Friday, September 23, 2016

Historical Alliance: First Nations sign treaty to block tar sands development

           At simultaneous signing ceremonies in Vancouver and Montréal, Thursday, September 22, 2016, the autumnal equinox, a (potentially) historical alliance was forged.

"The document, called the Treaty Alliance Against Tar Sands Expansion, commits its signatories to assist one another when called upon in the battle against oilsands expansion, and to work in partnership to move society towards more sustainable lifestyles.
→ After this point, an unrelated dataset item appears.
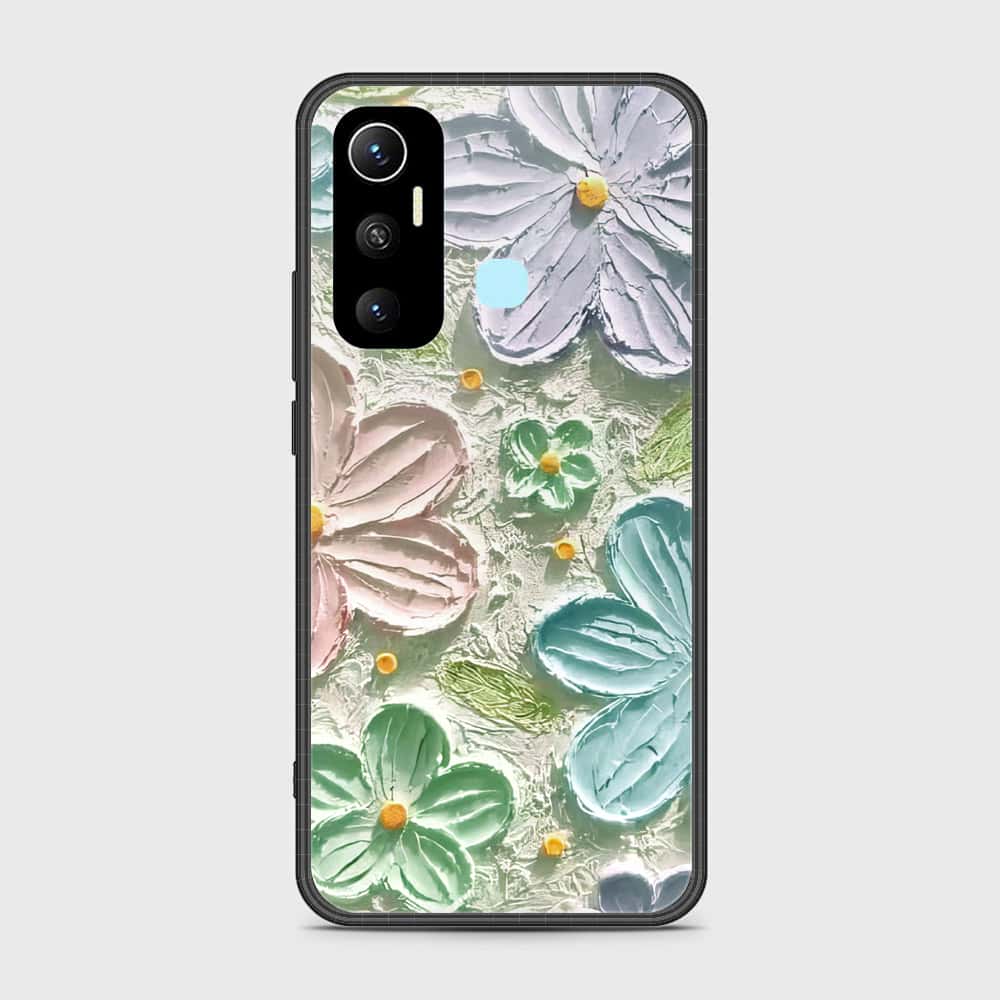Infinix Hot 11 Cover - Floral Series - Design 15 - Blue & Green - HQ Ultra Shine Premium Infinity Glass Soft Silicon Borders Case

By aligning themselves with other Indigenous nations across Canada and the northern U.S., participants hope to ensure that dangerous projects are not able to "escape" by using alternative routes."

"As sovereign Indigenous Nations, we enter this treaty pursuant to our inherent legal authority and responsibility to protect our respective territories from threats to our lands, waters, air and climate, but we do so knowing full well that it is in the best interest of all peoples, both Indigenous and non-Indigenous, to put a stop to the threat of Tar Sands expansion.
We wish to work in collaboration with all peoples and all governments in building a more equitable and sustainable future, one that will produce healthier and more prosperous communities across Turtle Island and beyond, as well as preserve and protect our peoples’ way of life."
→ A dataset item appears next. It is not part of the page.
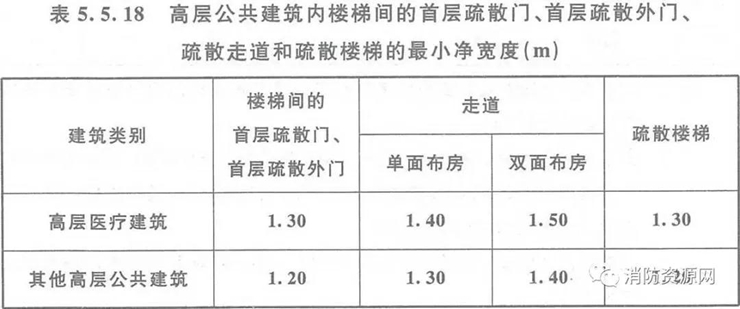 、根據(jù)《建筑設計防火規(guī)范》要求(5.5.18):除規(guī)范另有規(guī)定外,公共建筑內(nèi)疏散門和安全出口的凈寬度不應小于0.90m,疏散走道和疏散樓梯的凈寬度不應小于1.10m。高層公共建筑內(nèi)樓梯間的首層疏散門、首層疏散外門、疏散走道和疏散樓梯的最小凈寬度應符合表5.5.18的規(guī)定。

          This is interesting news - to say the least! To take it at face value, after five centuries of colonization, ethnocide and forced cultural assimilation, aboriginal peoples around the world are rising, phoenix-like from their ashes. What it all means in the long scheme of things is anyone's guess. One can speculate, based on historical precedent, of course. It may simply be that, living on the margins of the dominant European culture, aboriginal peoples are more attuned to the ongoing implosion of that culture. We, non-aboriginals, living in the cultural epicenter, are more fully "hypnotized" by the dominant culture's narratives and glitz. It is easier for the aboriginal than for us to "jump ship", to search for viable alternatives to Nonsustainable "Development". They, the marginalized "natives", were never fully part of our crew in the first place, never fully assimilated and yet never fully severed from their roots. We are perhaps now discovering that those ancient spiritual, cultural roots are still alive, still capable of drawing nourishment from earth, water, air and fire (the sun).